Jonathan Lindsell, 19 May 2014

The EU elections are on Thursday. This is the most attention they have ever got, and the so called ‘fringe’ parties are likely to take unprecedented levels of the vote, far more than minor rebellions against Blairite foreign policy did. For years the media’s promoted Nigel Farage, perhaps because he’s a genuine, charismatic individual with a simple message. But now with real, important elections looming, they’re rounding on their darling.

The Times is the most committed attacker, running story after story about Ukip expenses irregularities, European extremist links, bizarre party management and Farage’s marital flutters. The BBC’s Nick Robinson followed their cue in investigating Mrs Farage’s job. Now The Sun is savaging Ukip too, oddly since it’s another of Rupert Murdoch’s papers. The Australian mogul has a soft spot for Farage, indeed has dined with him and tweets in his support, so it’s odd that two of his papers can pursue such a vendetta. Standpoint sees a conspiracy of celebrity columnists and Cameron cheerleaders behind the ‘hysterical campaign’.

Last week, LBC radio caught out the Ukip leader, whose comment ‘you know the difference’ (between Romanians and Germans) was heralded as more evidence of bigotry. Farage half-apologised, and has a full-page Telegraph advert defending himself from ‘a predictable storm of protest’– ‘[it’s] not racist to want to stop organised criminal gangs undermining our way of life’.

Meanwhile, the Telegraph continues its slide-show of Ukip’s more colourful individuals, today highlighting how MEP candidate Gordon Ferguson thinks ‘politicians from Britain’s three main political parties should be hanged and their voters tried for treason’. Boris Johnson reinforces the paper’s line, singing in perfect harmony with No 10’s renegotiation and referendum tune.

Even the Mail joined the attack, reviving historic accusations from Ukip’s founder that Farage used racial slurs. This sits alongside Private Eye reminding readers that Ukip’s Newark by-election candidate once backed voluntary migrant repatriation, called homosexuality ‘distasteful if not viscerally repugnant’, and claimed date-rape victims shared responsibility. Roger Helmer has since distanced himself from the comments.
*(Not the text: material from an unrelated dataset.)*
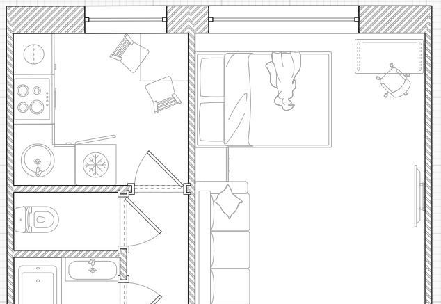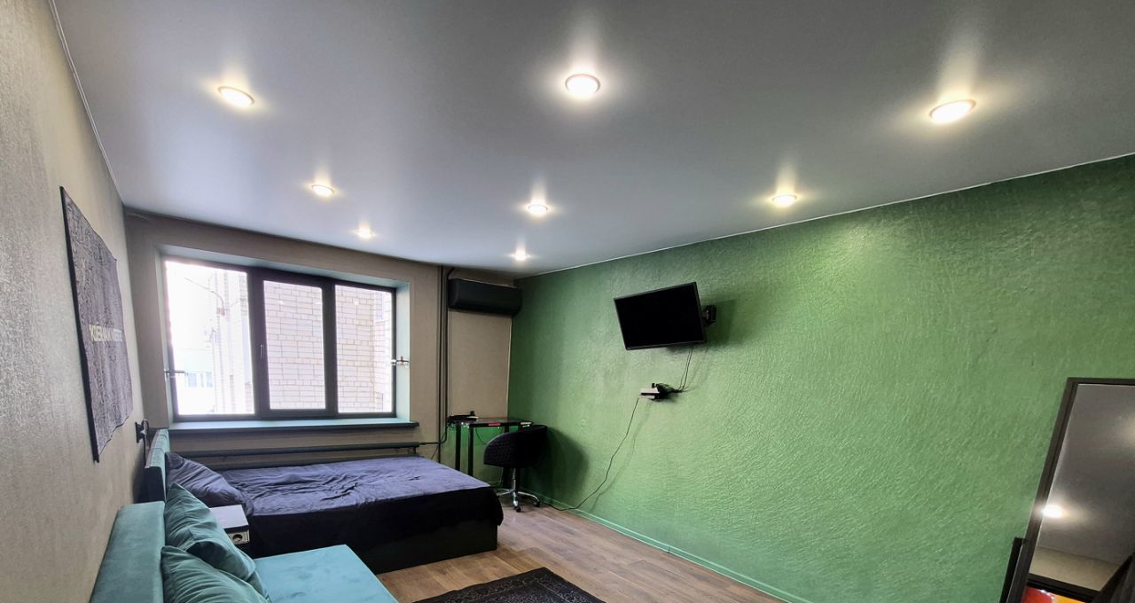 - Стильная зона отдыха с диваном, кроватью и рабочим местом
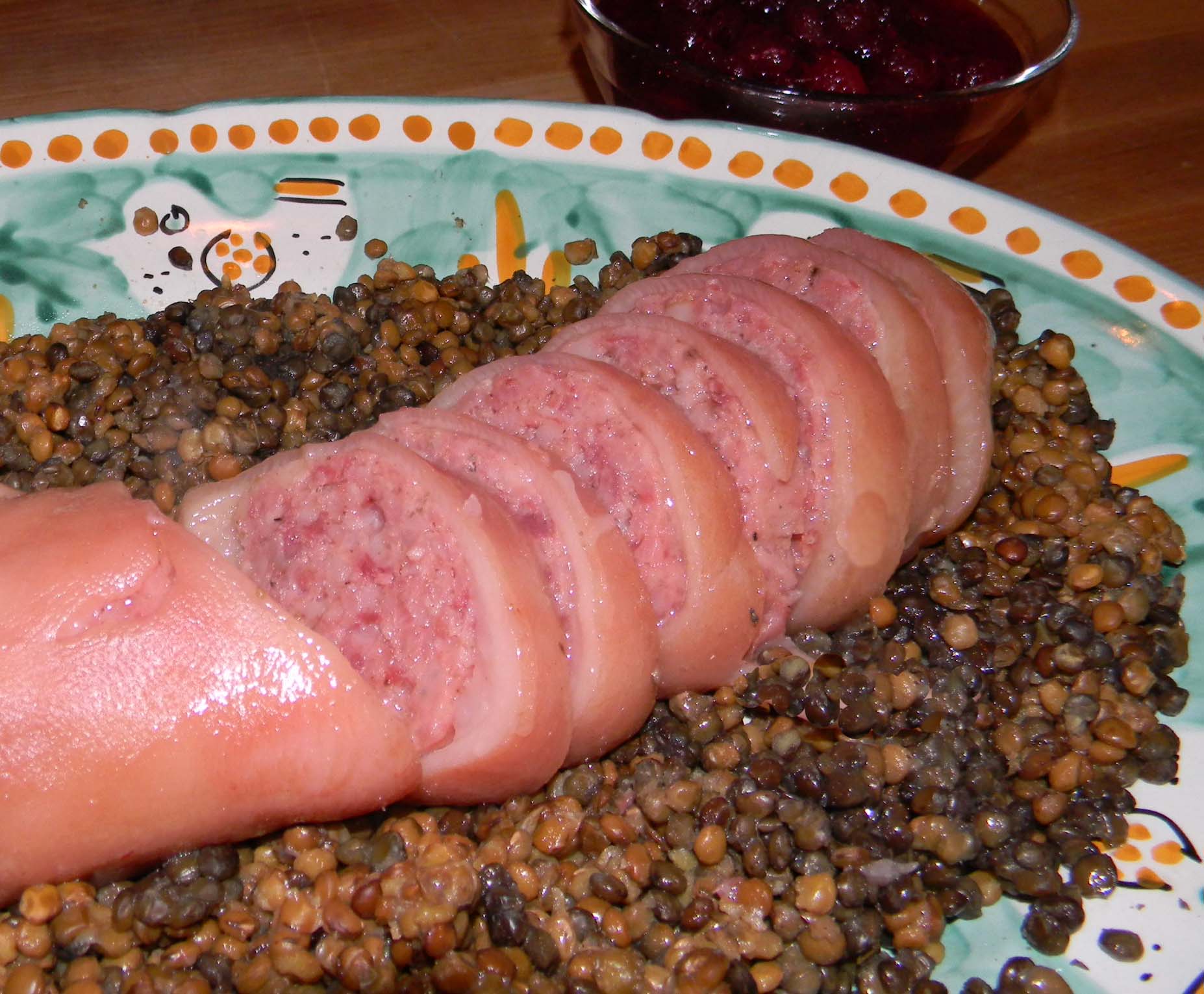 Trotter and lentilsZampone is found at the Italian table on New Year’s Eve the way turkey is found on American tables on Thanksgiving. Precooked and vacuum-sealed in fat and jelly, the Zampone remains soft and juicy  if you follow directions and boil gently. The fat gives Zampone a uniquely unctuous mouth-feel, and the meat stays rosy pink.

Surprisingly, it’s the left-wing press that are more balanced. The Guardian discusses Labour’s problems adapting to Ukip, and how to address voters’ immigration concerns. New Statesman’s annual essay was a detailed dissection of Ukip voters’ make-up, fears, and how they relate to failings by Thatcher, Major and New Labour.

But Ukip are still leading in the polls. Nothing sticks – not even accusations that Ukip threaten free speech. Unlike traditional parties Ukip doesn’t have loyal publications, so hostility is expected from all quarters, even largely Eurosceptic papers. Moreover, a charge led by The Times can hardly dispel voters’ impression that ‘The Establishment’ is hostile to and afraid of Farage. Charges of racism, fascism or ‘uber nationalist xenophobia’ (Eric Pickles, there) just reinforce the narrative that the capital’s elite fail to empathise with, or even understand, the genuine anxieties Ukip voters have over the EU. They consider themselves reasonable patriots, not swivel-eyed loons. Being repeatedly labelled ‘fruitcakes’ doesn’t make fringe-voters come around to mainstream positions – it alienates them, offends them and galvanises them.